Molecular dynamics or MD is a computational approach that simulates the movements of molecules. Typically we are simulating the motions of one molecule to illustrate and understand how populations of this molecule behave in laboratory or cellular environments. The theoretical underpinnings of MD are based in statistical mechanics and predicting the motions of spheres. As knowledge of chemical systems advanced and computers became more accessible, the spheres have become more molecular and information like hydrogen bonding and charges are included. Wikipedia has a good [timeline and description of MD](https://en.wikipedia.org/wiki/Molecular_dynamics).

## Why is MD useful?
Molecules are in motion! While we frequently say structure determines function, that is a bit of an oversimplification. A more complete description is that structure determines how the molecule moves which determines properties and function. The movements of molecules are connected to forming interactions with ligands and cofactors, catalytic activity, and other chemical properties. Thus a structure is a picture of a horse, while MD is a movie of the horse racing showing how fast the horse is and how each part of the horse is involved in winning the race.

[Short introductory video](https://www.loom.com/share/e3ed804926874bf4ab1f8025ddb5be12?sid=997813cd-9653-4fd5-bfc8-6e2e3dd361a6)

From this fundamental description, it is then possible to model how changes in the protein structure from ligand binding or sequence changes or post-translational modification affect the dynamics and function of the molecule.

## What will I get from this Colab?
This colab does the simulation and provides the files that form the "movie" of the motions of your molecule. In [further colabs](https://colab.research.google.com/drive/1gsqVx570FsOm7-aDZNslvHc4Kkq2Gp1v?usp=sharing), you will analyze the fundamental motions of your molecule.


---

##**Please make a copy of this colab for your personal use!!**

A few things to start:

1.   These lessons only work in Google Chrome
2.   If you want to save your progress, go to File> Save a Copy in Drive; then locate a spot in your Drive folder
3.   Clicking the "play" button to the top left of a code block runs the code. Sometimes you can see the code and interact with it. However, if the code is hidden  it is to run adminstrative tasks in the background and you do not need to worry unless you are interested.
4. Sometimes the code may be hidden from view. To view it, click the '>' on the left of the title, until it changes to 'v'. This will reveal the code in that line.

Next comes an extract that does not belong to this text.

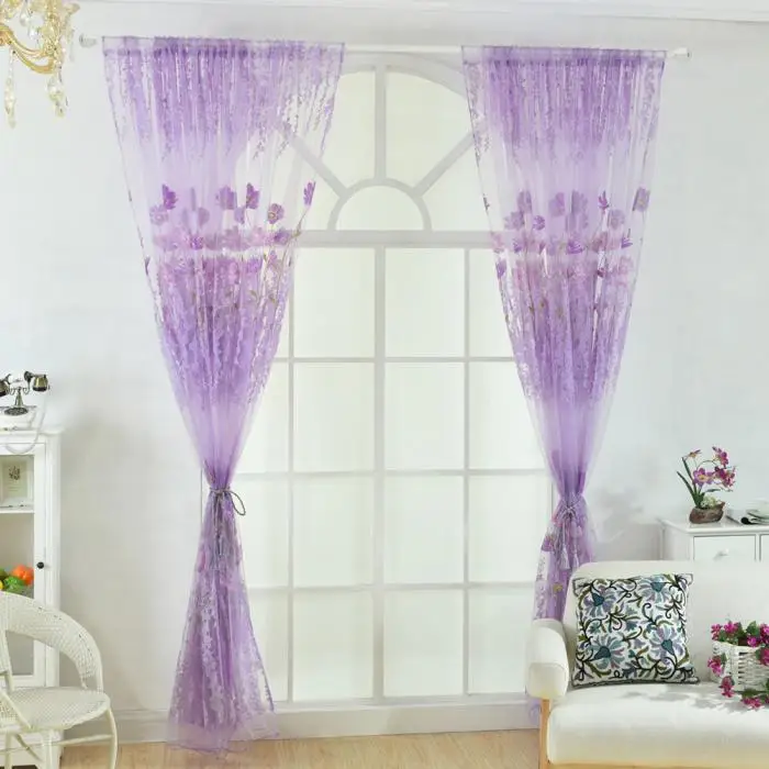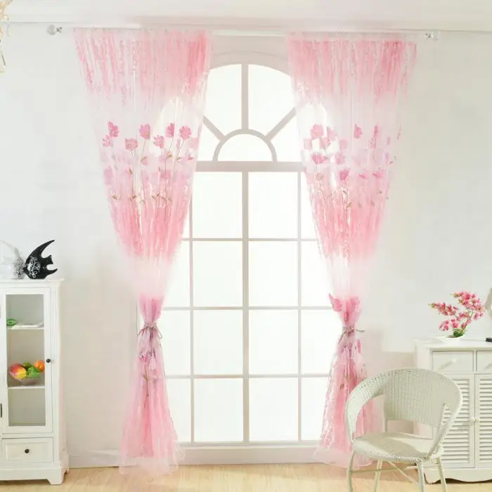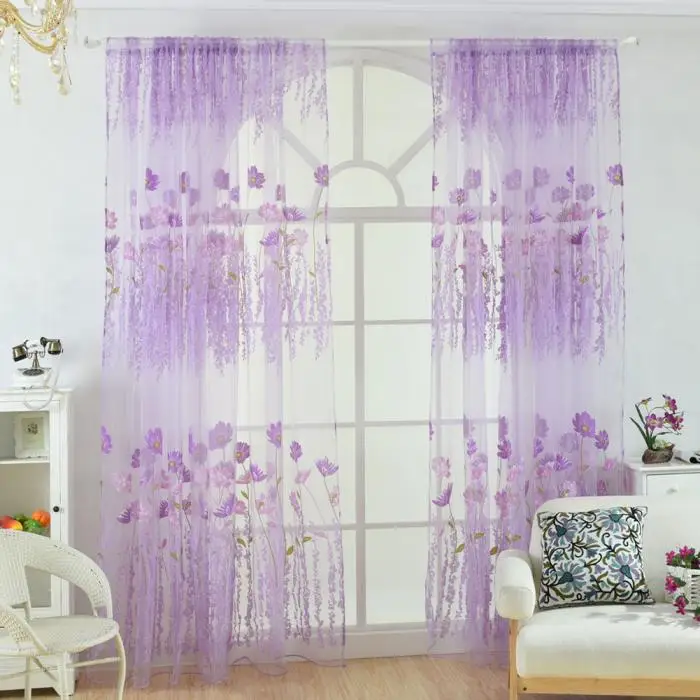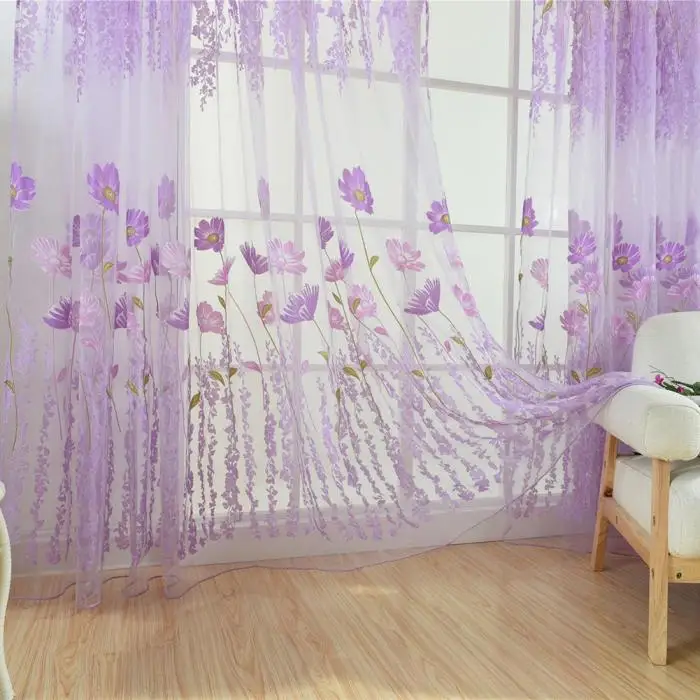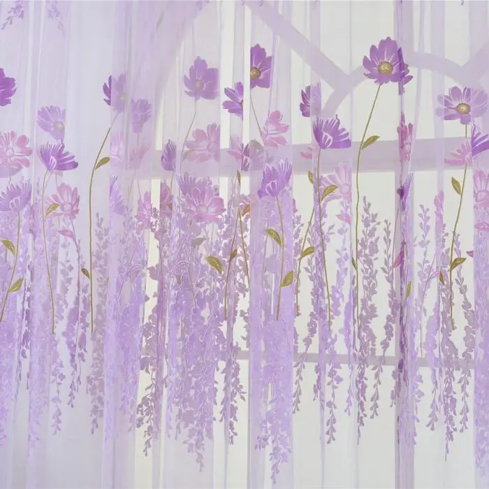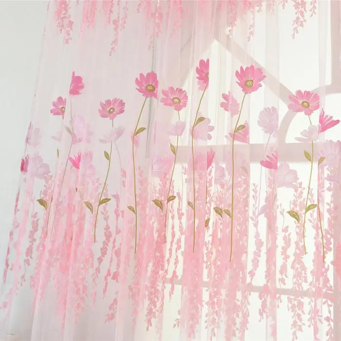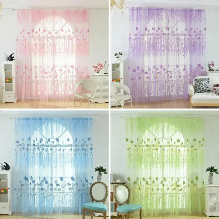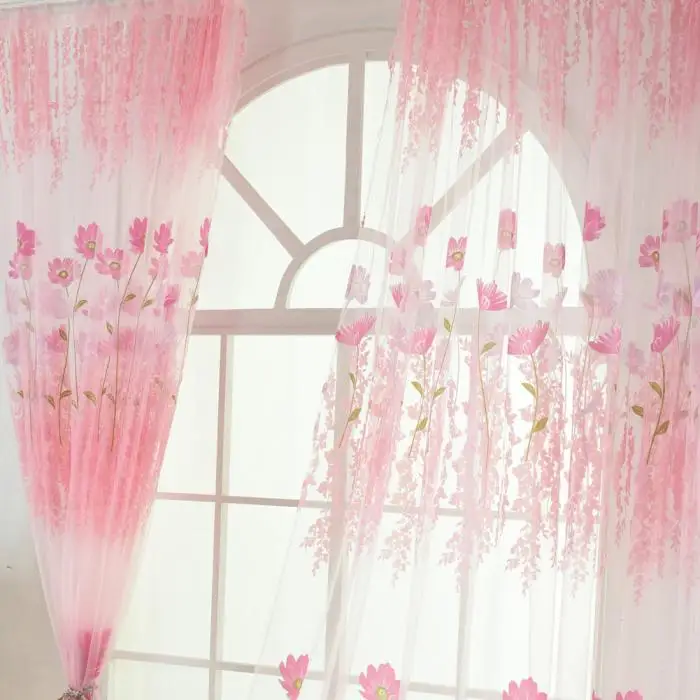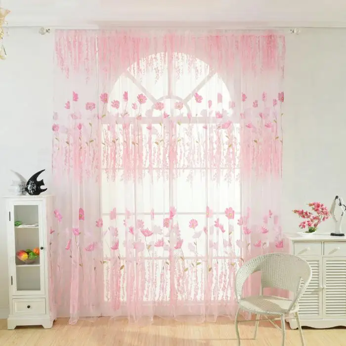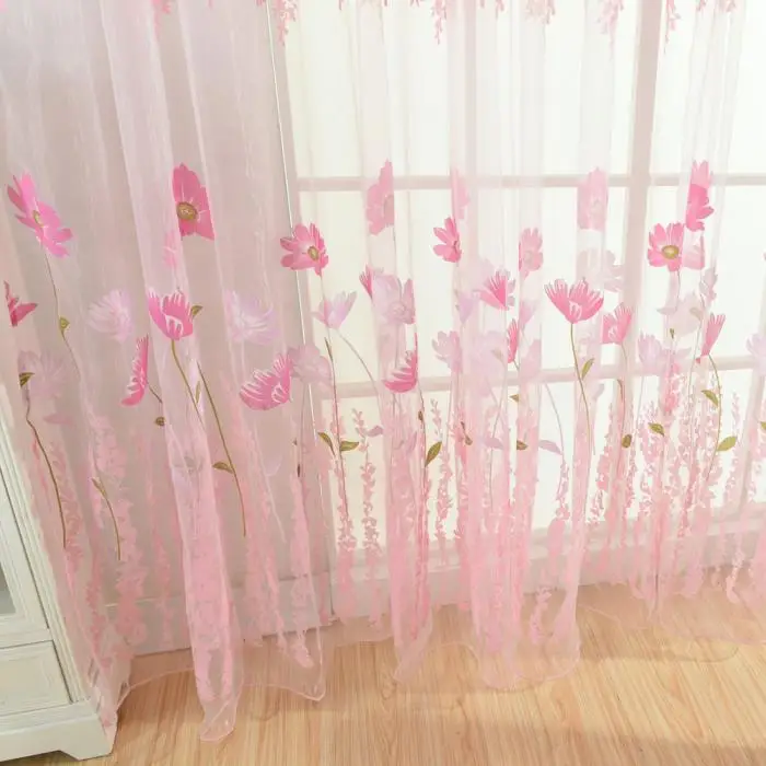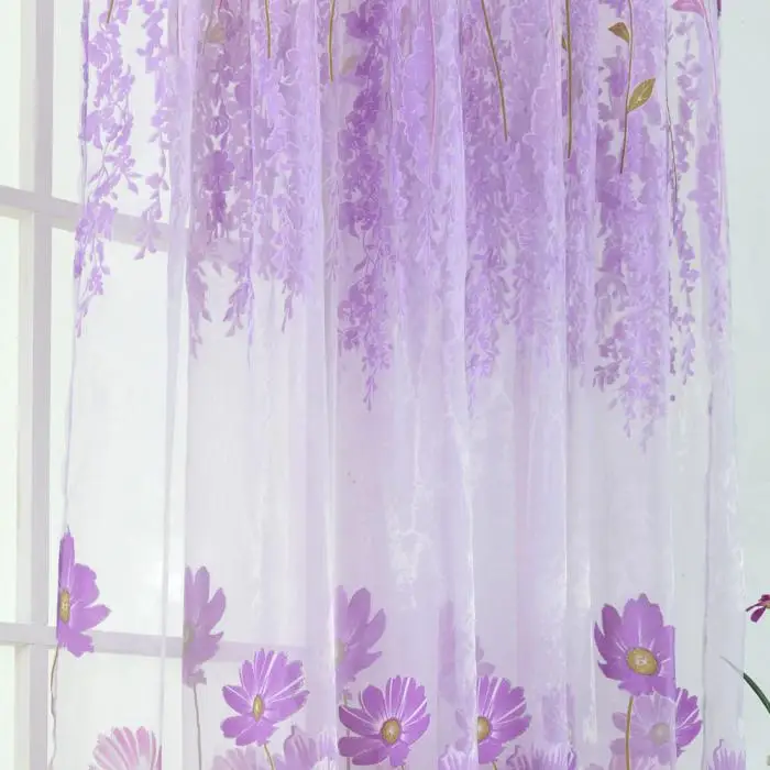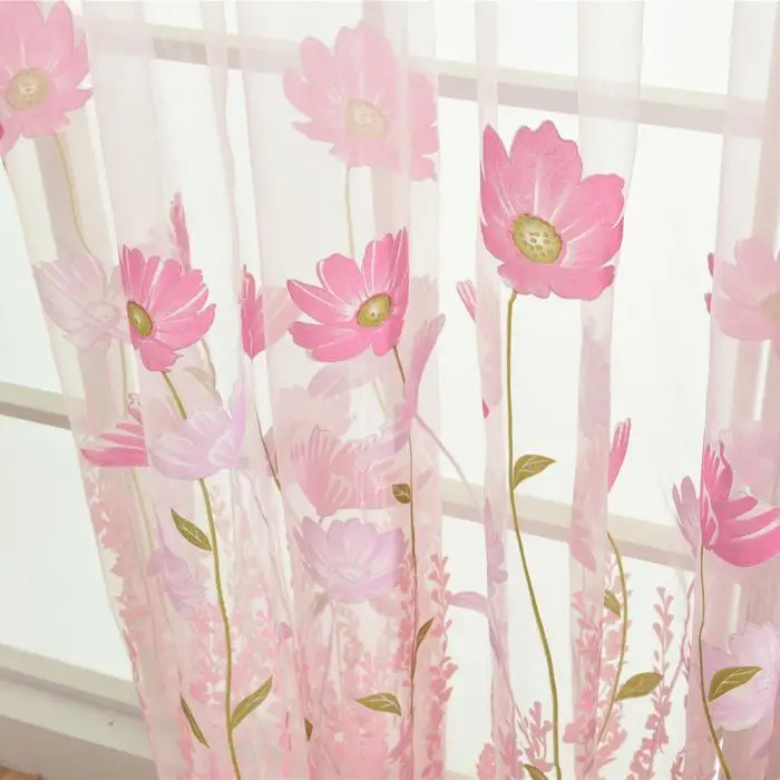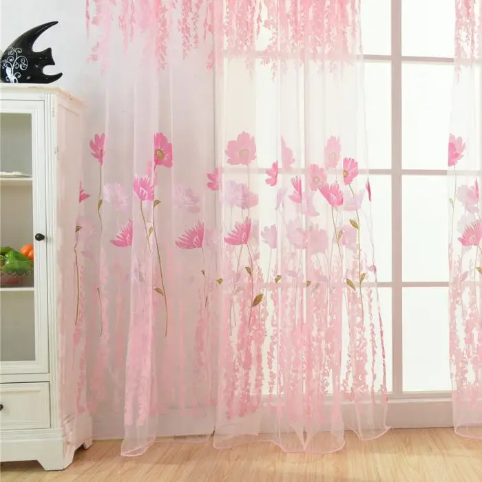 Flower Scarf Sheer Voile Door Window Curtain Drape Panel Valances for Living Room Bedroom Office MYDING

Here are the files you will need for this code to run:
*  A .pdb or .cif file containing a set of atomic coordinates of your molecule. It is a file containing the three-dimensional structural data of your protein directly from the Protein Data Bank. If you run into errors with your PDB file, ask your instructor.

If you would like a tutorial on Python basics, please reference [this colab](https://colab.research.google.com/drive/1UVupXh23ArJp2F9vqTmkVh0JnjEaemi1?usp=sharing ). It is not necessary to do this, however if you are interested in learning more about coding it is a great resource to use!

If anything goes wrong as you are running this code and you would like to restart, click "Runtime" at the top of the screen, then press "Restart session". This will competely restart your run, so make sure that is what you want!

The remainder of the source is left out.